In his four accomplishments, vocal, instrumental, composition, and as a conductor of large choral groups in major metropolises in the Middle East, Gomidas’ talents radiated lights through the mirrors of a clear crystal as it were, ever illuminating both the Armenian generations and the European international art of music in the last one hundred years. Gomidas Vartabed was the unique musicologist who gathered our popular songs from ancient provinces of Armenia by hundreds, placing them on highest echelons, both in Armenia and Europe.
Double Fields
Gomidas cultivated double fields of music. The Armenian Church music from ancient sign notes of music written above each word, known as khaz, by way of revising the performance of the Holy Mass which has always been the pride of our past generations, as it is today. The second field was the fertile land of Armenian ethnic music, kept in the dark at a very low key, for which Gomidas Vartabed felt most ambitious in touring remote villages and collecting those remnants personally, qualifying them before giving his seal of approval with a European touch, so that the entire world seriously and with admiration would recognize the ethnic nature of the Armenian folk music, now expressed in highest classical format from the very source of the Armenian people.

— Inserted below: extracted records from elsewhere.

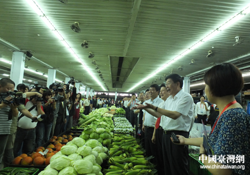 湖南省委副書記、省長徐守盛在花蓮縣縣長傅崐萁陪同下參觀花蓮縣吉安果菜市場。(圖片來源:湖南省臺辦)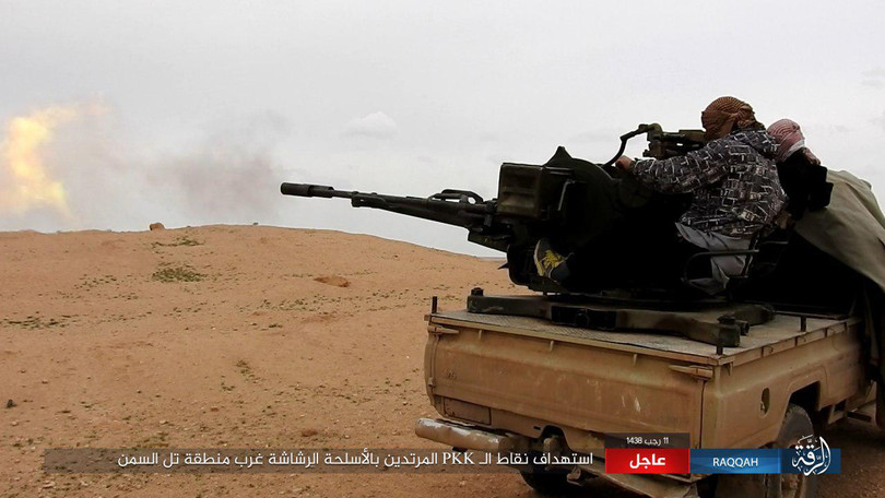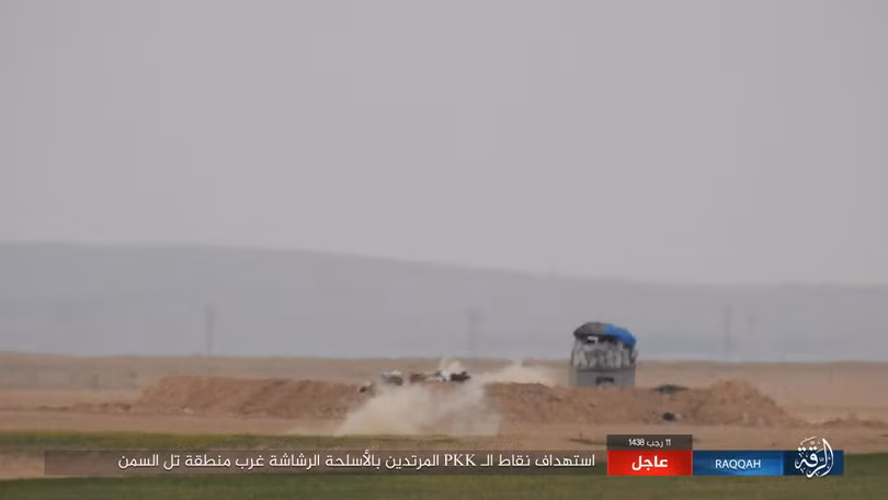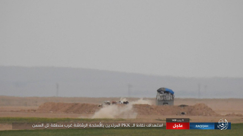 IS đã đưa 7 tay súng tấn công tự sát đánh vào các vị trí của SDF ở Inad và Al-Baghdah phía nam thị trấn Al-Shadadee, trang tin Amaq cho biết đã sát hại 41 chiến binh dân quân người Kurd. IS cũng tổ chức tấn công các vị trí của SDF ở núi Tal Al-Saman và làng Al-Qadisiah trên vùng nông thôn Raqqah. Trong cuộc tấn công IS tuyên bố phá hủy một xe BMP-1 của SDF.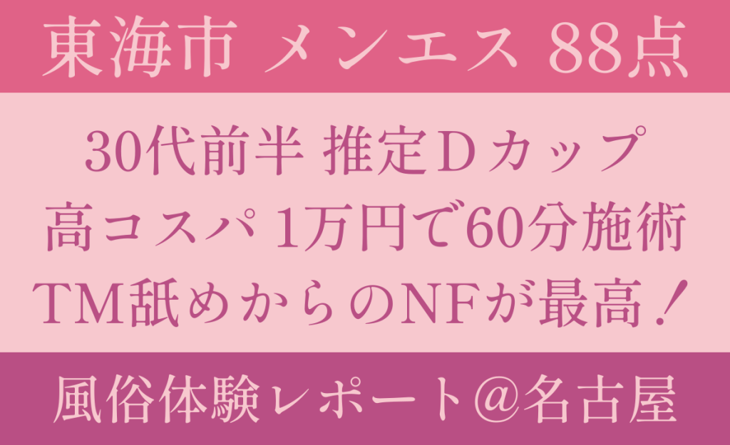 今回は東海市のマンション型メンエスの体験談を書いていきたいと思います。

In his own words, Gomidas has stated quite simply that “One single and pure musical note is worth a thousand lectures, because a speech must be clearly heard, understood, and digested, in order to get some nutrition from it, and that requires some time, whereas a musical note penetrates directly in one minute.” He gave many lectures before international critics and composers, but he also sang, using the piano, and teaching the Armenian music transferring it from the East to the West. In his own words, “recently I read two lectures in the Conservatory of Berlin on the Armenian music in general. It was truly a success, as I added to it special data on the Eastern music. Both lectures revealed my reputation in front of the world of music as a qualified musicologist.”